Смирившись, девушка сделала, как он велел, и уставилась в стену. Сегодня она стыдилась гораздо сильнее, чем вчера на автостоянке. Феодор некоторое время раздавал команды — куда повернуться и в какую сторону смотреть, а затем приступил к работе.

Со временем Сене кое-как удалось расслабиться, и она с любопытством наблюдала за процессом. Феодор походил на сумасшедшего, бегая вокруг холста, раз за разом ероша то пряди сальных волос, то бороду и размахивая кистью. При этом он что-то бормотал, хмурил кустистые брови и периодически поправлял ее руки и ноги. Создавалось впечатление, что бородач изображал не женское тело, а девятибалльный шторм.

За окном сгустились сумерки, когда Феодор засунул кисть в банку с какой-то жидкостью и вытер руки тряпицей, измазанной красками.

— Устал я, — заявил мужчина, но стоило Сене шевельнуться и попытаться прикрыть руками уязвимые места, как он скомандовал: — Лежать!

— Я только хотела посмотреть, — оправдываясь, пробормотала девушка.

— Потом увидишь. — Феодор подошел к дивану и какое-то время изучал ее лицо. Сеня замерла, интуитивно чувствуя опасность. Художник растянул губы в пьяной улыбке. — А теперь — награда. Детка, у тебя шикарный рот.
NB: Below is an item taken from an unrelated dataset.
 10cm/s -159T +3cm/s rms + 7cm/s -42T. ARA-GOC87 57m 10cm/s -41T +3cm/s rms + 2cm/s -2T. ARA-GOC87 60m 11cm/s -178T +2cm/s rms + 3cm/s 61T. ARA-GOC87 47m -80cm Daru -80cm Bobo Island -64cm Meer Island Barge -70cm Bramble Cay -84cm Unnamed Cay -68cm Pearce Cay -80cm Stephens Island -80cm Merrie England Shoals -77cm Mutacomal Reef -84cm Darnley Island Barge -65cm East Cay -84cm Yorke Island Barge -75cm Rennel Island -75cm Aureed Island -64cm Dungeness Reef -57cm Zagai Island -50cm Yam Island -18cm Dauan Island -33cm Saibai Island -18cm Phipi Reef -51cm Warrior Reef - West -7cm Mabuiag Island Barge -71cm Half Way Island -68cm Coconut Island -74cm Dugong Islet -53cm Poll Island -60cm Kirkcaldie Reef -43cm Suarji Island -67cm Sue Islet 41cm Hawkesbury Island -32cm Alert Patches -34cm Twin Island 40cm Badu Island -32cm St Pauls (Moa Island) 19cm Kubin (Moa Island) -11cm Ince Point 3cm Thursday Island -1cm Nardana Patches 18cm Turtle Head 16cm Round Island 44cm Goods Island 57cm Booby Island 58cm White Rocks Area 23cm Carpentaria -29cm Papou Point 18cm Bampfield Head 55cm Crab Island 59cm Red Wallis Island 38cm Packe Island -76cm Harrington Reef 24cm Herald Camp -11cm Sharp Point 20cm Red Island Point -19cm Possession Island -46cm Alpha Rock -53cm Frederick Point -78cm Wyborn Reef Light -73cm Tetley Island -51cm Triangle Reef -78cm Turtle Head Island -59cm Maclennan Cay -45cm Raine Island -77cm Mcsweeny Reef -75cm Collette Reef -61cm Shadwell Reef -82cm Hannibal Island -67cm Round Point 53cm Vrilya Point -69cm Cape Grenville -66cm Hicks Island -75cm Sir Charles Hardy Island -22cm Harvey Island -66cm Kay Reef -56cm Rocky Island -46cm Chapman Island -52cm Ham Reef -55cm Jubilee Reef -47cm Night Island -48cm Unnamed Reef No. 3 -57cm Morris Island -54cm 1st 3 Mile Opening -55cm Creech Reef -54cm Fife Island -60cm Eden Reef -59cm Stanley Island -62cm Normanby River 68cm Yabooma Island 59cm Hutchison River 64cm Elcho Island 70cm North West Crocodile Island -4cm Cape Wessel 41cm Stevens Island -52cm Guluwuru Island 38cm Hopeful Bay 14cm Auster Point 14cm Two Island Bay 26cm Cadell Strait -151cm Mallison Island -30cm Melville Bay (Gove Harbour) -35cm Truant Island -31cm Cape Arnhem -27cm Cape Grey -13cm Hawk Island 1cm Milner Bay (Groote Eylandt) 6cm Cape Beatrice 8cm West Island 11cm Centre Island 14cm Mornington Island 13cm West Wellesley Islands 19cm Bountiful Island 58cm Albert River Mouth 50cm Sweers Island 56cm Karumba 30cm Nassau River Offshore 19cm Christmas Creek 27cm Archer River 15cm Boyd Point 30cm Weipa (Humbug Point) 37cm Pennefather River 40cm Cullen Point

Он навалился на нее, впиваясь в губы и одновременно неловко расстегивая брюки. Сеня не отвечала на поцелуи. Она вообще старалась не двигаться, еще надеясь, что мужчина оставит ее в покое. Когда же он силой раздвинул ей ноги, девушка зажмурилась и попыталась не думать о том, что с ней происходит. Вместо она девушка принялась вспоминать счастливые моменты своей жизни — маму, бабушку и Сергея, тех, кто о ней заботился, был к ней добр, но сейчас не мог помочь по разным причинам.
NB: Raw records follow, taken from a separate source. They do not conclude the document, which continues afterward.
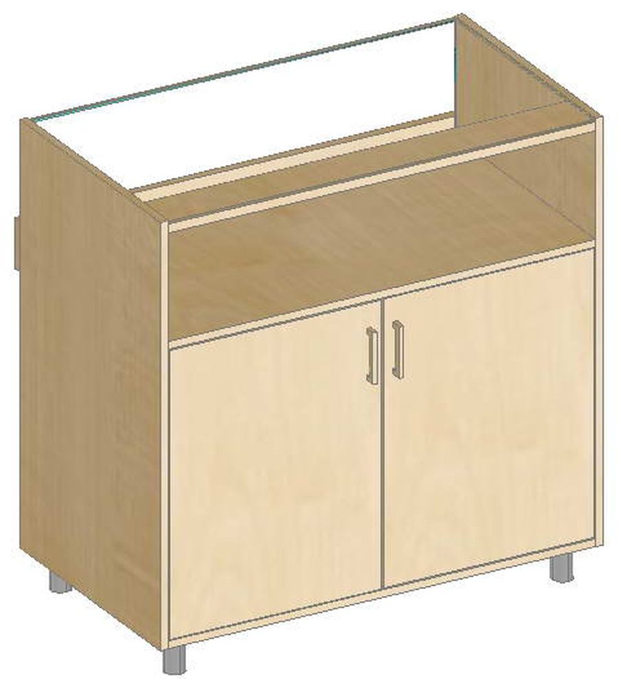 Материалы: ДСП ламинированная, клеёное стекло. Кромка толщиной 2 мм из ПВХ, цвет по выбору. Дополнительно можно приобрести следующие комплектующие для прилавка ПДЭ-90.25: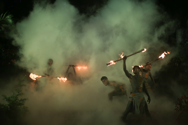 Phần mở đầu buổi công chiếu là tiết mục biểu diễn với lửa của dàn vũ công hóa thân thành các thổ dân.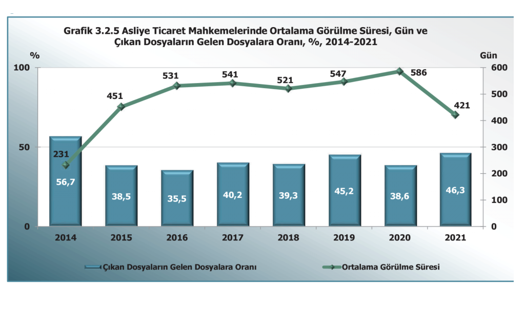 2021 adli sicil istatistiklerine göre, asliye ticaret mahkemesinde ortalama bir davanın karara çıkma süresi 421 gündür.

За следующий месяц Сеня сумела смириться с новой жизнью. Она готовила еду, стирала одежду — свою и Феодора. Ей пришлось пожертвовать еще одной рубахой, чтобы сшить себе наряд на смену халату в клетку. Сеня выдраила дом и познакомилась с соседкой по даче, назвавшись племянницей Феодора. Она не знала, поверила ли ей пожилая женщина, но зато девушке удалось заполучить кабачки и петрушку в обмен на посильную помощь.
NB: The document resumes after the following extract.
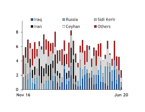 Another two crude cargoes are signalling arrival at Milazzo by 9 July, a 750,000 bl cargo of Baltic Urals and a 700,000 bl shipment of US WTI, according to Argus tracking. This suggests receipts may increase in July from just 90,000 b/d in June, and compared with 145,000 b/d in May, and is likely to be the result of scheduling and Milazzo running crude from storage. Receipts were 155,000 b/d in the first half of 2020, around 65pc of capacity in line with statements from Eni on its refinery throughput.

Обычно Феодор появлялся с кое-какой едой, естественно на свой вкус, но той хватало ненадолго. Гораздо больше художника интересовала выпивка. Иногда он пропадал на несколько дней, не объясняя, куда отправляется и сколько времен его не будет. Это имело свои положительные и отрицательные стороны. Когда Сеня оставалась в домике в одиночестве, к ней никто не приставал со своими мужскими потребностями, а вот ночевать оказалось страшновато. Обычно в таких случаях она засыпала только под утро, опасаясь незваных гостей.

Гость таки явился в их крохотный дом. Это случилось в тот момент, когда на Феодора нашло очередное вдохновение. Сеня едва успела прикрыться халатом, когда в дверь протиснулся крупный пожилой мужчина в светлом костюме с белоснежной копной волос, очень напоминавшей львиную гриву. Он остановился у порога и оперся на трость, молча обозревая присутствующих.

— Давид! — Подвыпивший Феодор подплыл к гостю и радостно потрепал мужчину по плечу. — Сколько лет, сколько зим!

— Два месяца прошло, Слимак.

Именно это имя фигурировало на нелепых картинах, расположенных у стен ветхой дачи. Значит, на них — настоящая фамилия бородача, а не псевдоним. Сеня решила, что та ему подходит, но долго об этом не думала. Пожилой мужчина не спускал с нее хмурого взгляда. Поежившись, девушка принялась быстро натягивать на голое тело одежду. Руки дрожали. Ей было ужасно неудобно перед этим человеком.

Закончив с пуговицами, она сложила руки на коленях, не зная, куда их девать. Феодор же совершенно не обращал внимания на ее суетливые движения. Он тянул гостя к столу, словно позабыв о Сене.

— Я и говорю, давно. Садись. Кажется, у меня осталось полбутылки пива.

— Благодарю, но нет.

— Ах, да, ты же пьешь только вино. Красного нет. Извини. Ты продал мою картину?

Мужчина тяжело упал на табуретку.

— Переговоры — на завершающей стадии. Кто это? — кивнул он в сторону Сени.

Девушка выпрямила спину. В конце концов, это не ее вина, что она оказалась в таком положении.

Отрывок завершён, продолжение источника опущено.